The study was conducted under the auspices of the Transdisciplinary Research In Cancer of the Lung (TRICL) Research Team, which is a part of the Genetic Associations and MEchanisms in ONcology (GAME-ON) consortium, and associated with the International Lung Cancer Consortium (ILCCO).

All participants provided written informed consent. All studies were reviewed and approved by institutional ethics review committees at the involved institutions.

Genome-wide association studies
The meta-analysis was based on data from six previously reported lung cancer GWAS of European populations: the MD Anderson Cancer Center lung cancer study (MDACC-GWAS)1; the UK lung cancer GWAS from the Institute for Cancer Research (ICR-GWAS)2; the NCI lung cancer GWAS (NCI-GWAS)3, the IARC lung cancer GWAS (IARC-GWAS)4, the LUCY and Kora Studies from Germany and a hospital based case-control study from the Lunenfeld-Tanenbaum Research Institute of Mount Sinai Hospital and University of Toronto. In each of the studies, SNP genotyping had been performed using Illumina HumanHap 317, 317+240S, 370, 550, 610 or 1M arrays.

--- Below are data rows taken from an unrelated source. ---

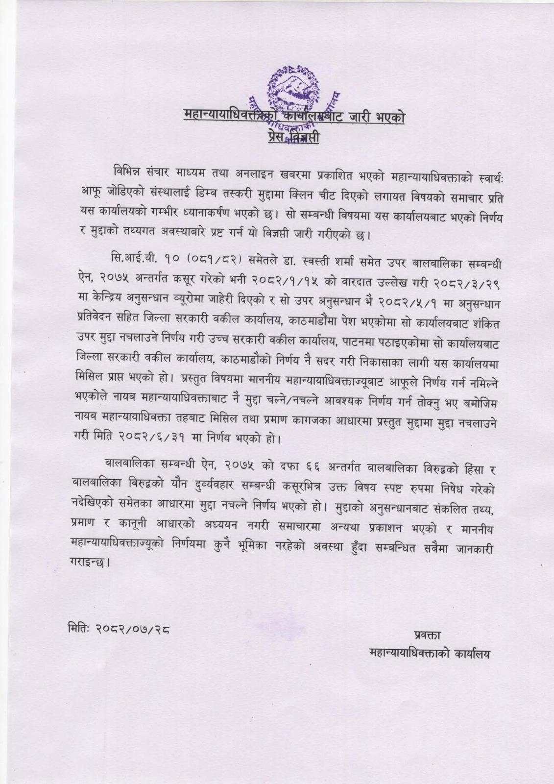 हेर्नुहोस् महान्यायाधिवक्ता कार्यालयको वक्तव्य-
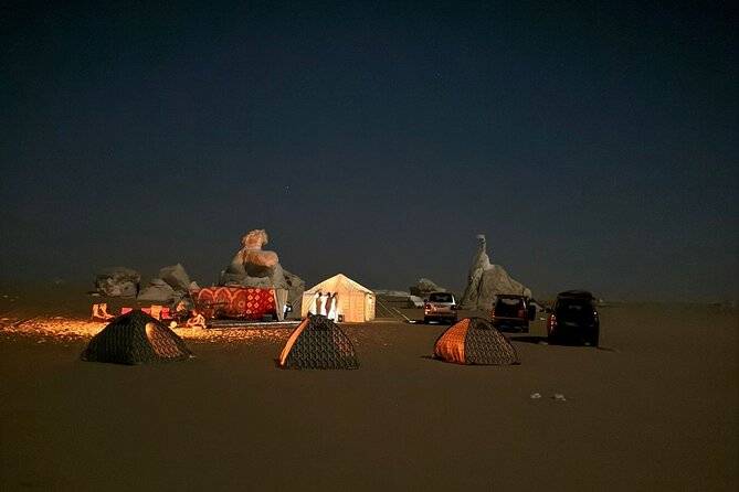 Note: At night temperatures can drop suddenly in the White Desert, so a proper jacket would be necessary to spend the night comfortably- But don't worry we provide all camping equipment like sleeping bags, tents, and mattresses.
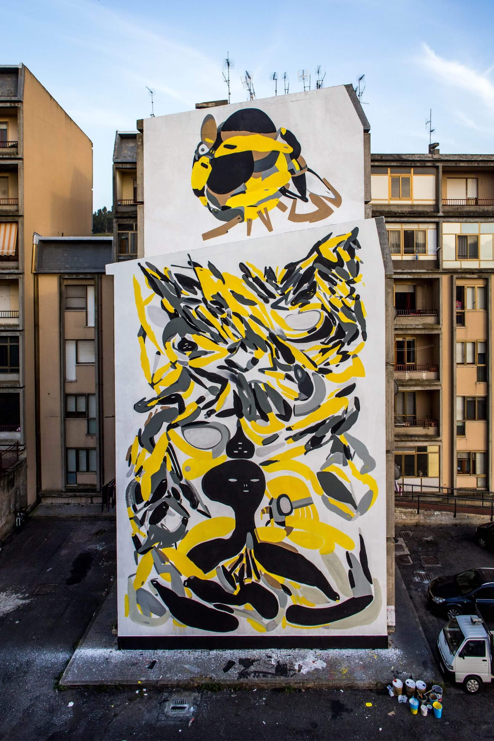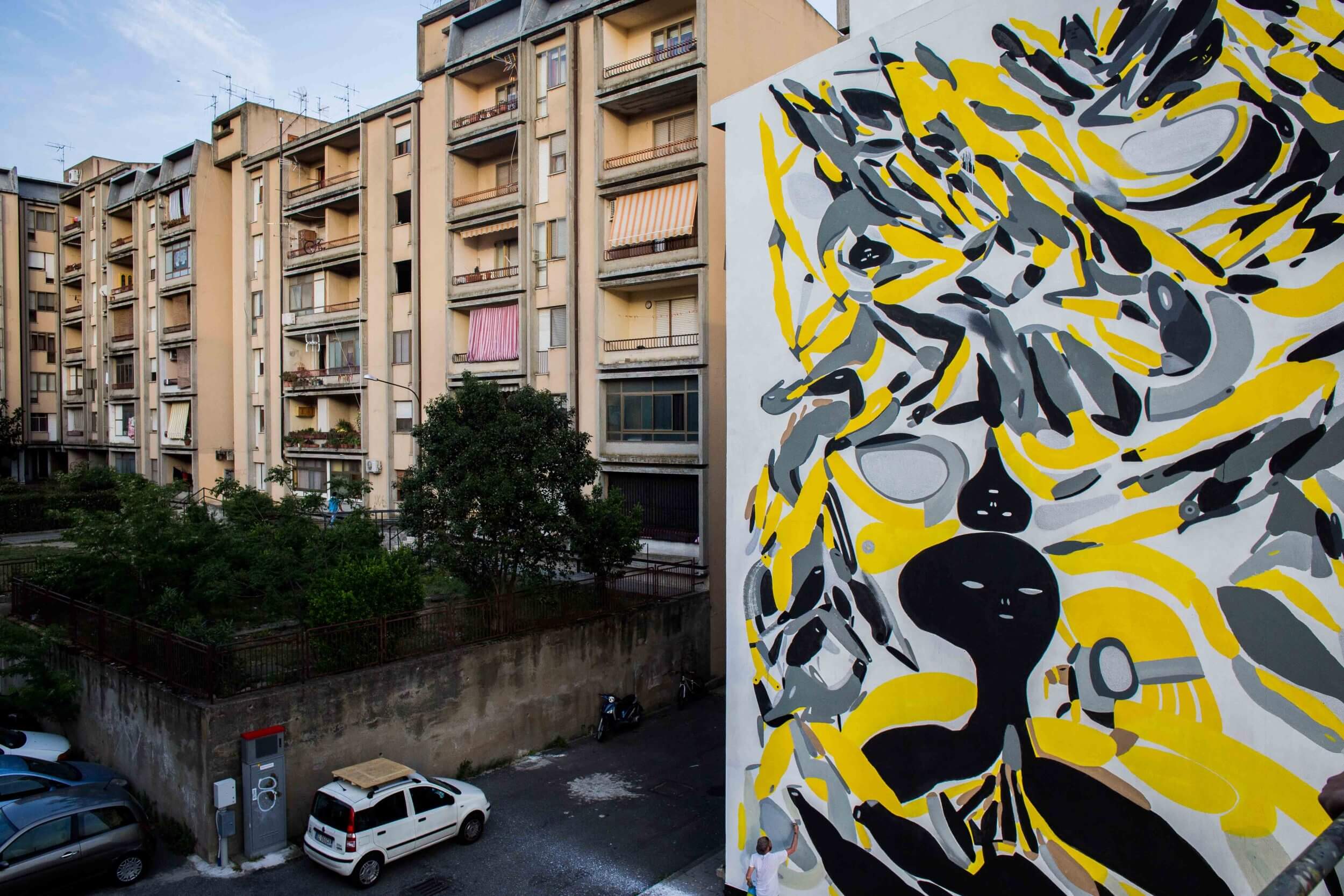 Street artist Jeroen Erosie mural is on the outskirts of Piano Casa, close to the old town of Catanzaro, Erosie has painted a triptych entitled “Linguaggio Universale”. Initially, after three days Erosie finished his diptych, But, the owners of the building wanted more!! Erosie painted an extra 120 square meters in one day with the help of the locals car headlights cars and Catanzaro football team’s scarves as inspiration.
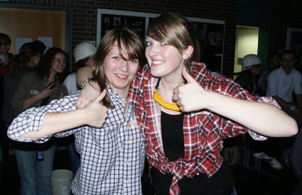 Danach waren die meisten so kaputt, dass die Schlange vor den Pommes und Würstchen, die einige der Schüler der SV und eine Lehrerin selbst brieten, immer länger wurde. Als Highlight des Abends veranstaltete Christian Reiners, der Schülersprecher, ein Lifekonzert mit seiner Band (drei E-Gitarren und eine Trommel). Die Schüler hörten begeistern zu und klatschten viel Beifall. Großes Lob an die Schülervertretung, sie hat es echt gut organisiert!!!
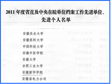 根据《安徽省档案局关于开展2011年度省直单位档案年鉴工作的通知》的要求,2011年8月份贝博官网提交了档案工作年度自查报告,12月底,省档案局对贝博官网档案工作进行了年度检查,并下发了《安徽省省直单位档案工作年检结论通知书》文件,贝博官网档案工作在安徽省高校中以90分获评优秀等级,并以此荣获先进单位称号。

The IARC-GWAS4 comprised 3,062 lung cancer cases and 4,455 controls derived from five case-control studies: (i) Carotene and Retinol Efficacy Trial (CARET) cohort5; (ii) The Central Europe multicenter hospital-based case-control6,7; (iii) The hospital-based case-control study from France7; (iv) The hospital based case-control lung cancer study from Estonia8,9; and (v) The population-based HUNT2/Troms IV lung cancer studies10. Patient and control DNAs were derived from EDTA-venous blood samples. The lung cancer patients were classified according to ICD-O-3; SQ: 8070/3, 8071/3, 8072/3, 8074/3; AD: 8140/3, 8250/3, 8260/3, 8310/3, 8480/3, 8560/3, 8251/3, 8490/3, 8570/3, 8574/3; with tumours with overlapping histologies classified as mixed. After applying standardized quality control procedures 2,533 cases and 3,791 controls were included in the current analysis (Table 1).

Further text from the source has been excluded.